Tailored medical close to a reality

Princess Haya champions need for personalised medicines technology for next generation of medical personnel.

Princess Haya speaks on Thursday at the Leaders in Healthcare Conference in Dubai. Victor Besa for The National
Powered by automated translation

DUBAI // Treatments tailored to meet patients’ genetic make-up could soon become a reality in the UAE, Princess Haya said on Thursday.

Speaking at the Leaders in Healthcare Conference, the Princess, wife of Sheikh Mohammed bin Rashid, Vice President and Ruler of Dubai, said with the country’s rapidly growing population and its unique genetic make-up, changing demographics and lifestyle habits continued to present significant challenges to medicine.

“We are still bombarded with cases of diabetes, heart disease and cancer that should make us wonder whether we need to do more than just have a universe of healthcare provision where one size fits all,” said Princess Haya, the Dubai Healthcare City Chairwoman.

Personalised medicine uses diagnostic tests, the science of DNA, molecular testing and data analysis to create efficient and cost-effective treatments.

“By the time medical students have graduated from the Mohammed bin Rashid University [of Medicine and Health Sciences], we should have ready for them the tools that they need and offer them the best chance to take advancements for personalised medicine.

“We need to have the policies, infrastructure, systems, funding and research prepped up for a fresh generation of clinicians to take the lead.”

Scientific research has shown that traditional medicine is not as effective as it can be.

“Every day, millions of people are taking medications that are not useful to them. At best, the top 10 grossing drugs in the US help less than 50 per cent of those taking them,” said Princess Haya.

“Is it right to subject patients to the side-effects from drugs that are of no benefit to them at all? Is it ethical or justifiable? In a time of scarce healthcare resources, is it sensible to be spending money on medicines that simply don’t work on the majority of those who take them?”

She said medical advances meant that doctors were able to see how a patient’s genetic make-up predisposed them towards illness.

This would “govern our response to treatment and drugs will enable our healthcare professionals to provide better prevention, more accurate diagnosis and more effective drugs at a price that is more affordable”.

Stephen Carter, group chief executive officer of Informa, the organiser of Arab Health, agreed genetic testing was the future of health care.
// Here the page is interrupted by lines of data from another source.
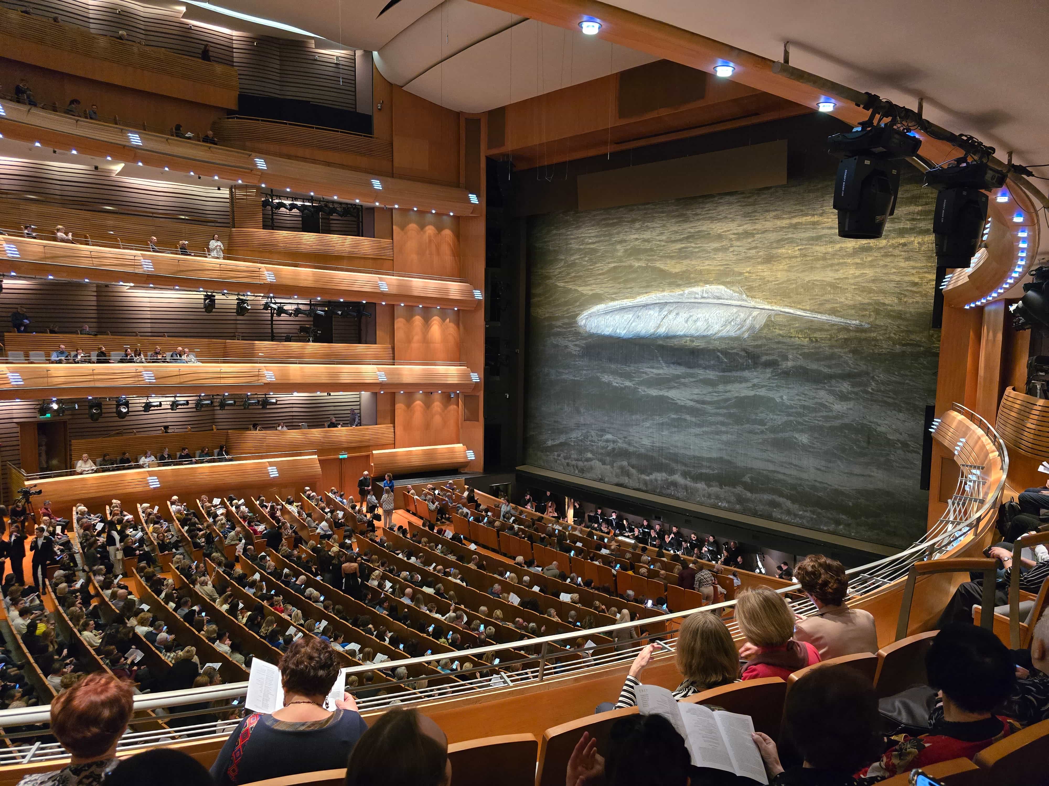 На новой сцене Мариинки спектакль хорошо видно и слышно практически из любой точки зала. Ещё одно преимущество в том, что места не всегда заполняются полностью, и в антракте некоторым зрителям везёт пересесть, например, с балкона в бенуар. Лучшие места находятся в партере, бенуаре и бельэтаже.
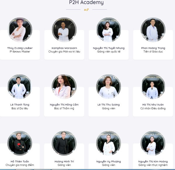 Đầu tiên phải kể đến là Học viện P2H Academy đây có thể coi là một trong số ít Những Trung tậm tại tphcm đào tạo chuyên sâu "Chuyên viên Spa cấp độ 5". Đây chính là Học viện Thẩm mỹ đạt chuẩn quốc tế đầu tiên tại Việt Nam, với nhiều các Bác sỹ là các chuyên gia hàng đầu phải kể đến như: Bác sỹ Nguyễn Thị Tuyết Nhung - Giảng viên bằng Quốc tế hay bác sỹ người nước ngoài Kampas - Chuyên gia Mát xa trị liệu
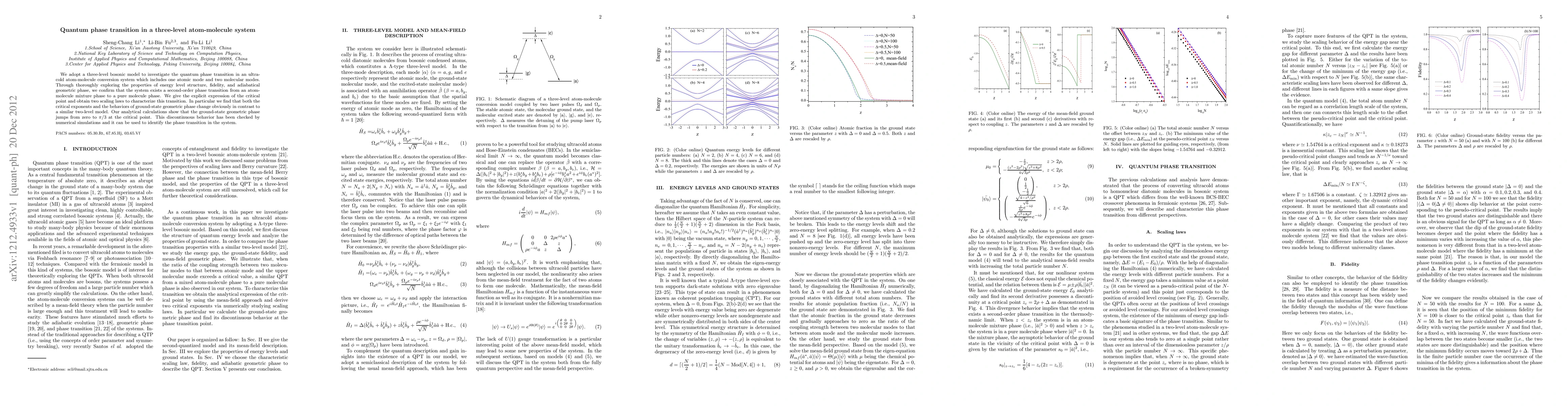 The research employs a three-level bosonic model to investigate quantum phase transition in an ultracold atom-molecule conversion system, exploring energy level structure, fidelity, and adiabatic geometric phase.
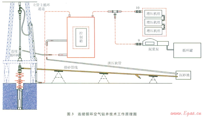 井底沉砂過多可導(dǎo)致提前結(jié)束空氣鉆井,而采用連續(xù)循環(huán)鉆井技術(shù)可避免沉砂卡鉆,滿足空氣鉆井安全作業(yè)需求,延長空氣鉆井進(jìn)尺。
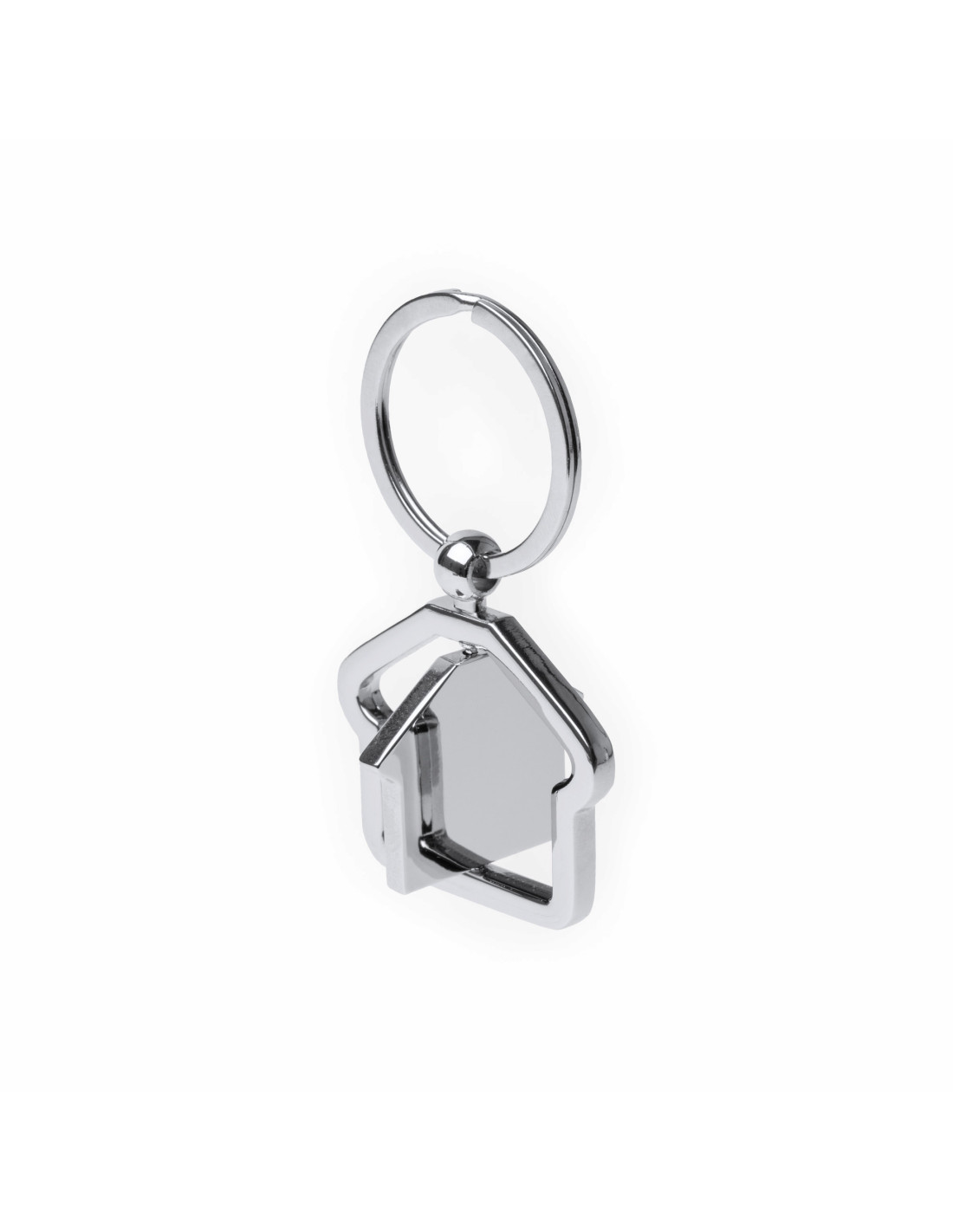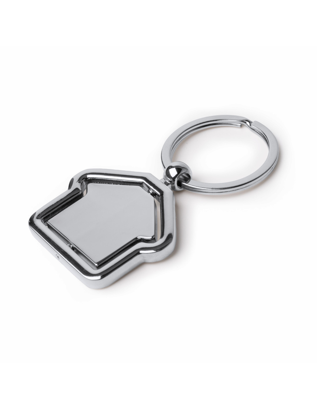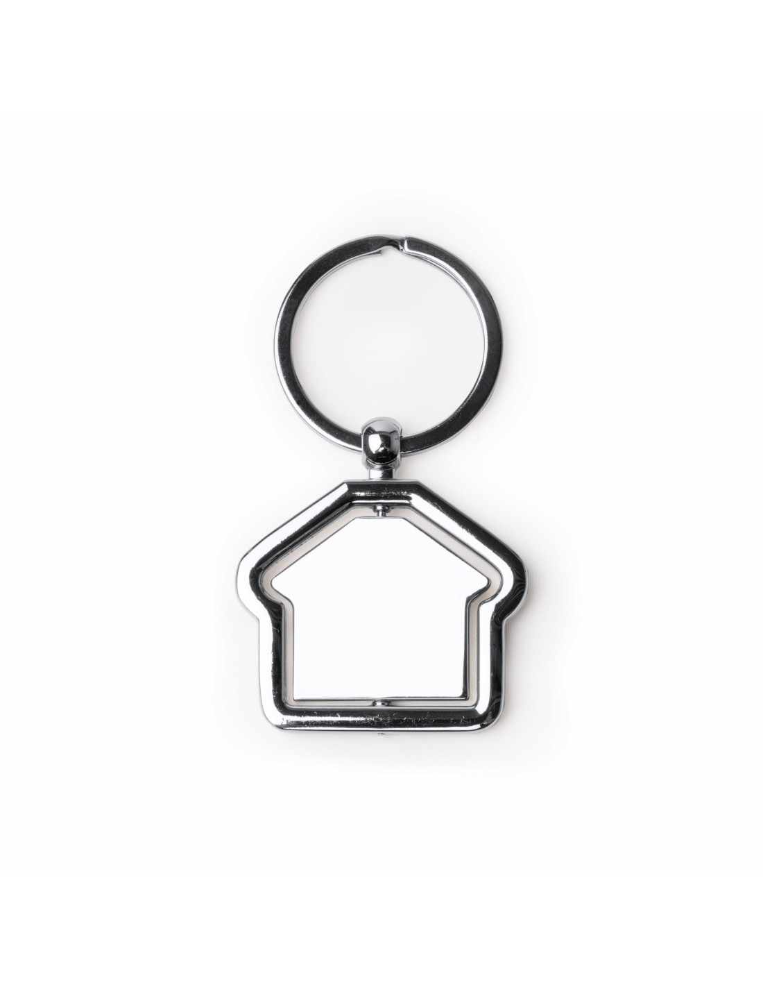 Llavero metálico giratorio con original diseño en forma de casa, que gira sobre su eje vertical dentro de un marco fijo. Incorpora una amplia superficie central especialmente diseñada para el marcaje, ideal para destacar tu marca de forma visible y atractiva. Su estructura resistente y su mecanismo giratorio aportan un toque distintivo y funcional, perfecto como artículo promocional. Es un regalo personalizado perfecto para cualquier empresa relacionada con viviendas como inmobiliarias o gestorías. Con unas dimensiones aproximadas de 4 x 7 x 0,9 cm, es un llavero práctico, duradero y con gran impacto visual.

“In the past, all patients who were diagnosed with a disease received effectively the same medication, or some variation,” he said.

“The effectiveness of that is increasingly being questioned. Now we are at a point where advances in science and technology mean that we increasingly understand what is happening at the molecular level.”

Dr Azad Moopen, Aster D M Healthcare chairman, said research was under way in the UAE into this form of medical treatment.

“We are conducting a pilot project where we are getting data from our patients on control of their condition,” he said.

“We can use mobile phone applications to get feedback from people. Personalised medicine can be used to prevent certain genetic illnesses and you can know which person will or won’t respond to a medicine.”

Those with chronic illnesses, such as diabetes and hypertension, have multiple problems and doctors cannot always predict the outcome because there can be an interaction between the medicines.

“The opportunities of using personalised medicine are immense here,” Dr Moopen said. “Once people are aware of personalised medicine there is a good chance of getting feedback from people about their treatments.”

Princess Haya also officially launched the College of Medicine and a degree programme for medical undergraduates at the Mohammed bin Rashid University of Medicine and Health Sciences. Applications open on Sunday for the six-year bachelor of medicine and bachelor of surgery programme for the academic year starting in September.